The Capability Discovery Engine solves this by replacing static capability loading with semantic search, graph-based re-ranking, and tiered context budgeting. A typical agent with 40+ registered tools, skills, and extensions sees its capability context drop from ~20,000 tokens to ~1,800 tokens per turn -- with higher relevance.

How It Works

The engine follows a three-stage pipeline:

User query
    |
Semantic Search (embedding similarity)
    |
Graph Re-ranking (relationship edges, co-occurrence)
    |
Tiered Context Budgeting (brief → standard → full)
    |
Final capability context for LLM

Semantic search embeds the user's query and retrieves the top-N candidate capabilities from a vector store.
Graph re-ranking adjusts scores using a lightweight relationship graph.

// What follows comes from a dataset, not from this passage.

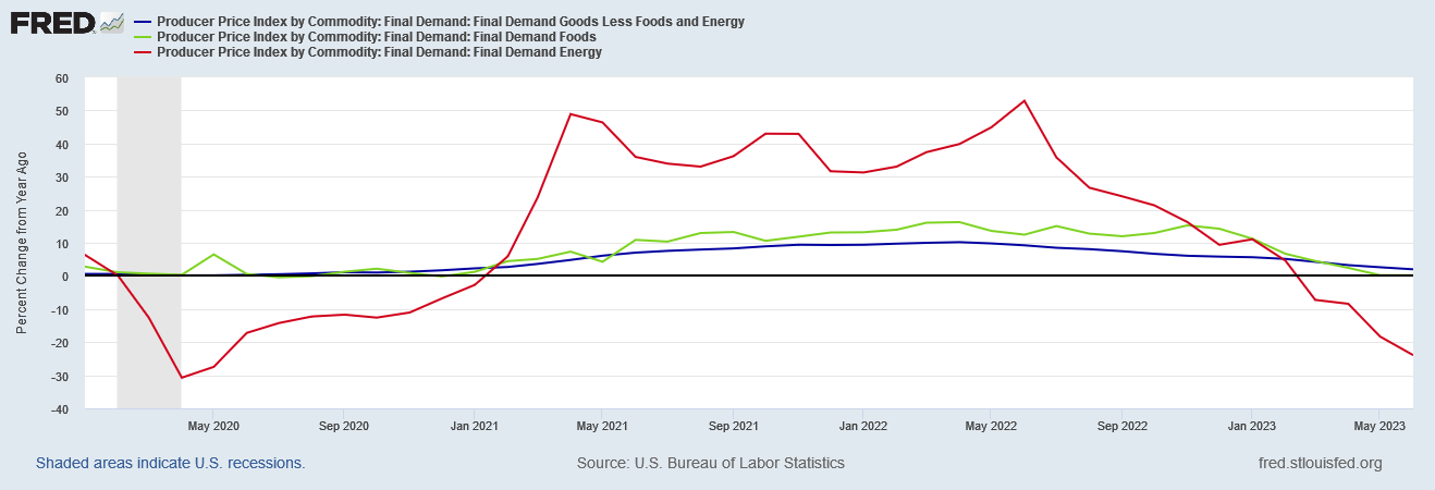 Most notable here is that overall Final Demand for goods printed at 0.1% year on year. From June of 2022 through to June of this year, aggregate producer prices on all goods rose only 0.1%

Capabilities that frequently co-occur, share dependencies, or belong to the same skill group get boosted together.
Tiered context budgeting allocates token budgets across three detail levels so the LLM gets just enough information to use each capability correctly.

The Three-Tier Model

Not every discovered capability needs the same level of detail. The engine assigns each result to one of three tiers based on its relevance score:

Tier 1: Brief (~40 tokens per capability)

The capability name plus a one-line description. Enough for the LLM to know it exists and request promotion if needed.

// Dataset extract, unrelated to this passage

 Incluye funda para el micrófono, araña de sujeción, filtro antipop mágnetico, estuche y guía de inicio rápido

web-search: Search the web using Serper, SerpAPI, or Brave. Returns titles, snippets, and URLs.

Tier 2: Standard (~150 tokens per capability)

Name, description, parameter summary, and usage hints. Enough to invoke the capability correctly for straightforward cases.

web-search: Search the web using Serper, SerpAPI, or Brave.
Parameters: { query: string, numResults?: number (default 10), dateRange?: string }
Returns: Array of { title, snippet, url, date }
Usage: Call with a natural language query. Use dateRange for recent results.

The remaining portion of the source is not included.